Serum potassium — Patients presenting with DKA or HHS have a potassium deficit that averages 300 to 600 mEq (table 4) [41,48,49]. A number of factors contribute to this deficit, particularly increased urinary losses due both to the glucose osmotic diuresis and to the excretion of potassium ketoacid anion salts. Despite these total body potassium deficits, hypokalemia is observed in only approximately 5 percent of cases [50,51]. The serum potassium concentration is usually normal or, in one-third of patients, elevated on admission [28,41,52]. This is due to a shift of potassium from intracellular fluid to extracellular fluid (ECF) caused by hyperosmolality and insulin deficiency [6,40,41]. (See "Diabetic ketoacidosis and hyperosmolar hyperglycemic state in adults: Epidemiology and pathogenesis", section on 'Potassium'.)

Insulin therapy shifts potassium into cells and lowers the potassium concentration. This may cause severe hypokalemia, particularly in patients who present with a normal or low serum potassium concentration [49]. Careful monitoring and timely administration of potassium supplementation are essential. (See "Diabetic ketoacidosis and hyperosmolar hyperglycemic state in adults: Treatment", section on 'Potassium replacement'.)

Serum phosphate — Patients with uncontrolled hyperglycemia are typically in negative phosphate balance because of decreased phosphate intake, an acidosis-related shift of phosphate into the ECF when metabolic acidosis exists, and phosphaturia caused by osmotic diuresis. Despite phosphate depletion, the serum phosphate concentration at presentation is usually normal or even high because both insulin deficiency and metabolic acidosis cause a shift of phosphate out of the cells and as a result of ECF volume contraction [53,54].

This transcellular shift is reversed and the true state of phosphate balance is unmasked after treatment with insulin and volume expansion. In a review of 69 episodes of DKA, the mean serum phosphate concentration fell from 9.2 mg/dL (3 mmol/L) at presentation to 2.8 mg/dL (0.9 mmol/L) at 12 hours and, in some patients, to levels as low as 1 mg/dL (0.32 mmol/L) [53]. (See "Diabetic ketoacidosis and hyperosmolar hyperglycemic state in adults: Treatment", section on 'Phosphate depletion'.)

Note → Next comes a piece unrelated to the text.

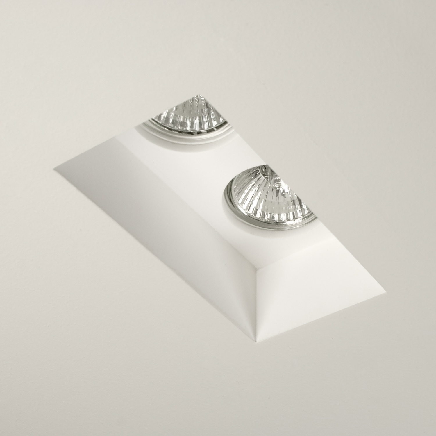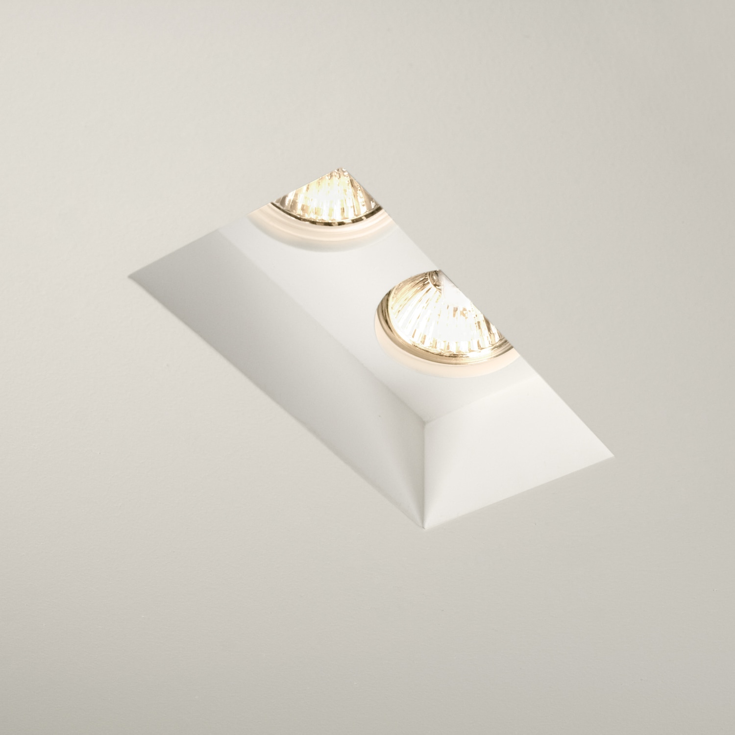 Astro 5654 Blanco Twin fixed downlight af gips til indspartling i loft. 2 x GU10, max. 50W (LED anbefales), 230V, IP20. Udv. mål: 116x188mm. Hulmål: 117x190mm.

Serum creatinine — Most patients with uncontrolled hyperglycemia have acute elevations in the BUN and serum creatinine concentration, which reflect the reduction in glomerular filtration rate induced by hypovolemia. High acetoacetate levels can also artifactually increase serum creatinine levels when certain colorimetric assays are utilized [55]. However, most laboratories now utilize enzymatic assays, which are not affected by this artifact [56].

Serum amylase and lipase — Acute pancreatitis may precipitate or complicate DKA. Serum amylase and lipase are generally used to diagnose acute pancreatitis, but each of these enzymes is often elevated in patients with DKA who do not have any other clinical or radiological evidence of pancreatitis [57-61]. Therefore, the diagnosis of pancreatitis in patients with DKA should be primarily based upon clinical findings and imaging. (See "Clinical manifestations and diagnosis of acute pancreatitis", section on 'Imaging'.)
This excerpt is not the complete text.